Settlements reflecting a semi sedentary lifeway involving horticulture appear about AD 1000 and spread rapidly along major waterways - the Big and Little Sioux Rivers, the James River and the Missouri River.

Archeologists call these horticultural villages the Plains Village pattern, and see influences or actual movements of peoples from the Mississippian traditions of the south and east.

The Great Oasis culture is an important local group reflecting incipient horticulture in the Sioux Falls vicinity. The Heath Site, a Great Oasis village, is located just a few miles to the south in Lincoln County, while another site lies adjacent to the Split Rock Creek mounds.

Slightly later villages include the fortified Brandon Village near Brandon, the Lauer Village in the vicinity of the Minnehaha Country Club, and Sherman Park Village reported to be in the area of the Great Plains Zoo. These villagers, whom archeologists term the Initial Middle Missouri variant, brought improved corn varieties, new storage methods, earthlodge houses, and a complex social organization. Bison, however, continued to be a very significant resource for meat, hides, and Bison bones were shaped into tools such as scapula hoes.
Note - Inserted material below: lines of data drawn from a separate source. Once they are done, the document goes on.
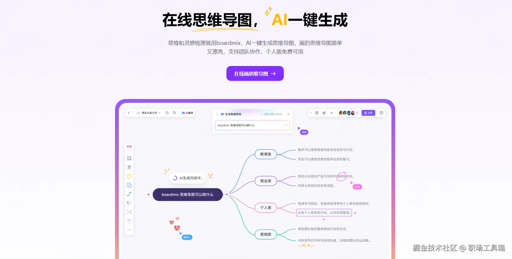 如果你在国内工作,或者团队需要一起协同编辑思维导图,boardmix 是个不错的选择。
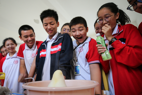 10月26日,北京師范大學(xué)??诟綄賹W(xué)校的學(xué)生參與化學(xué)趣味實(shí)驗(yàn)。當(dāng)日,北京師范大學(xué)海口附屬學(xué)校舉行第三屆科技人文節(jié)活動(dòng),在校內(nèi)營(yíng)造愛(ài)科學(xué)、學(xué)科學(xué)的良好氛圍。
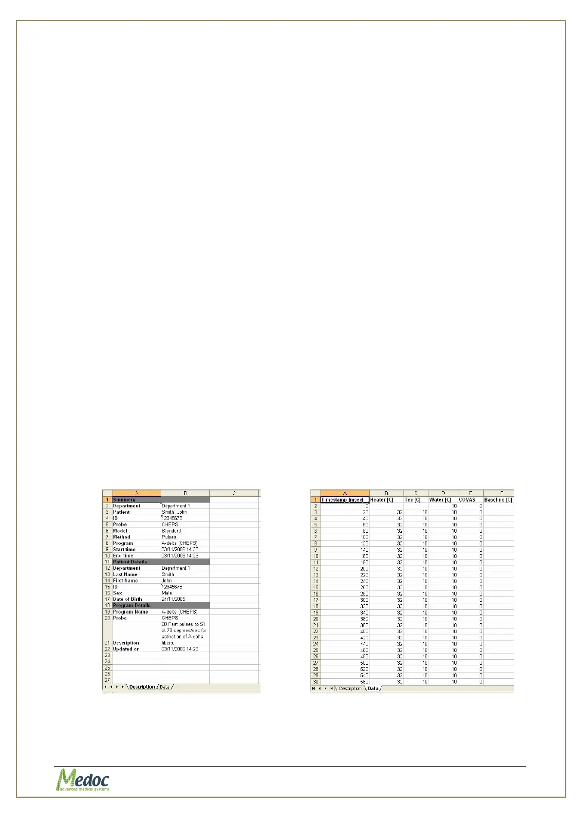 1. Description – Patient and test information.
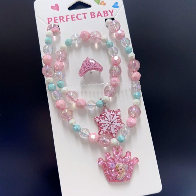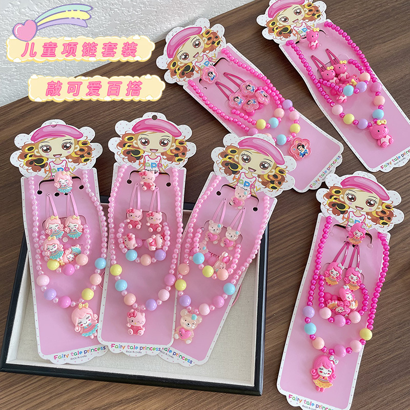 クロスボーダー子供漫画ジュエリーセット女の子真珠ネックレスブレスレット髪ひもプリンセス甘いピンク系アクセサリー
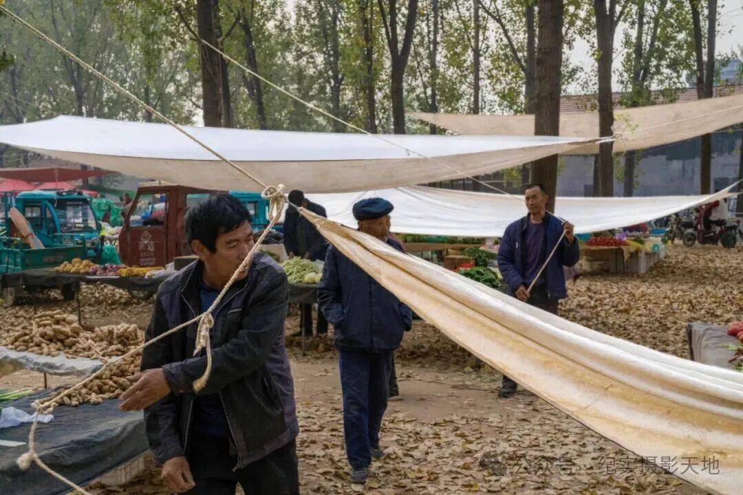 2023年11月30日,山东省临沂市沂南县苏村镇,骑自行车的逛客与身边的风景流动在篷布上,呈现如电影般的一幕又一幕画面。
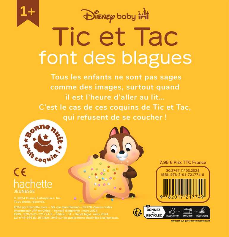 L’histoire : Tous les enfants ne sont pas sages comme des images, surtout quand il est l’heure d’aller au lit. C’est le cas de ces coquins de Tic et Tac, qui refusent de se coucher ! Ils préfèrent jouer encore un peu et faire des blagues à leurs amis...
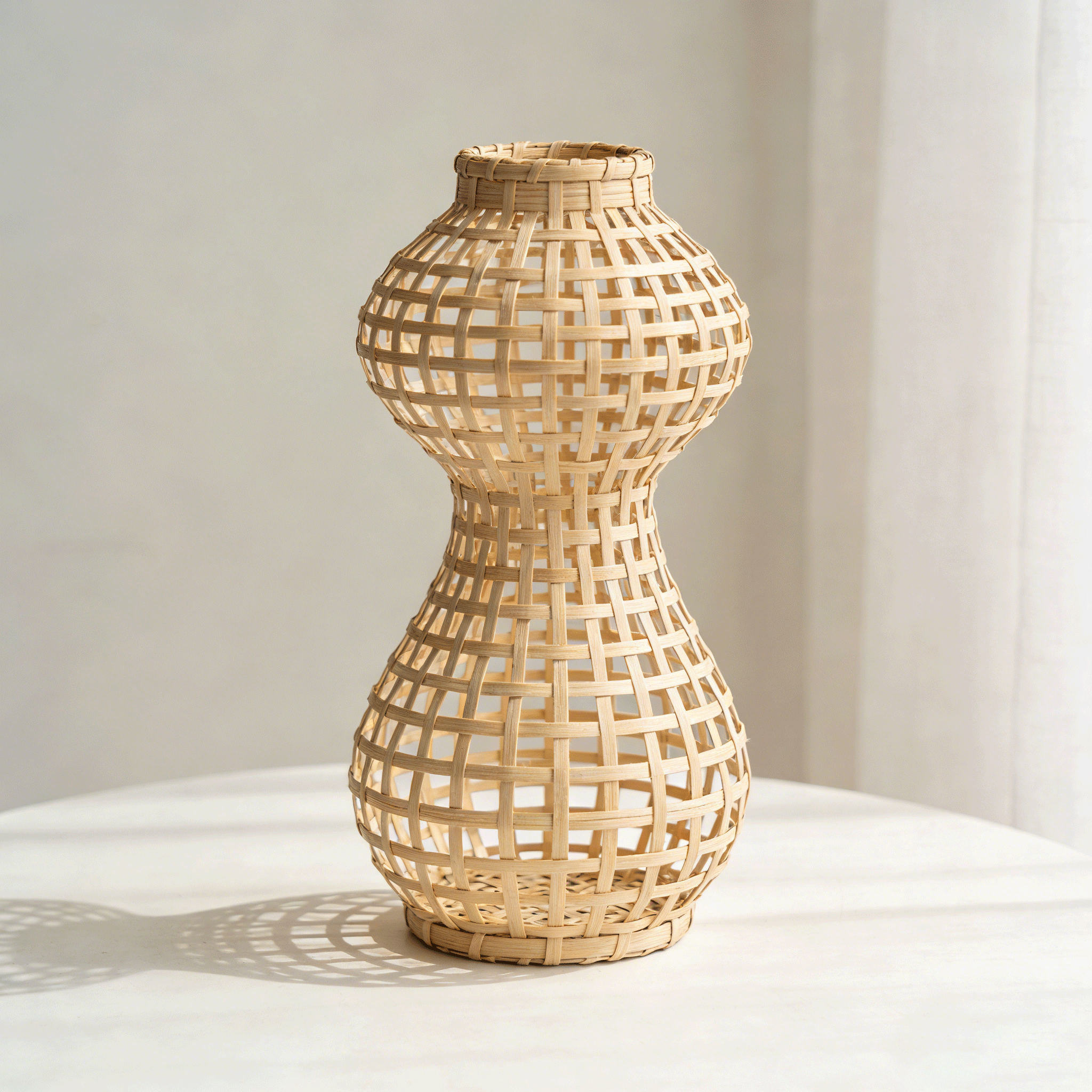 โคมไฟตั้งโต๊ะสไตล์วินเทจหวายทำมือ

The Mitchell Prehistoric Indian Village located 70 miles west of Sioux Falls, is an interpreted Initial Middle Missouri site (click here for plan of one of the excavated lodges; and here for an overall plan of the excavations at the Mitchell site), and the recently constructed Archeodome serves as a window into the world of the archeologist. Archeologists continue to research the relationships between these Plains Village groups and the historic cultures of the Mandan, Hidatsa and Arikara.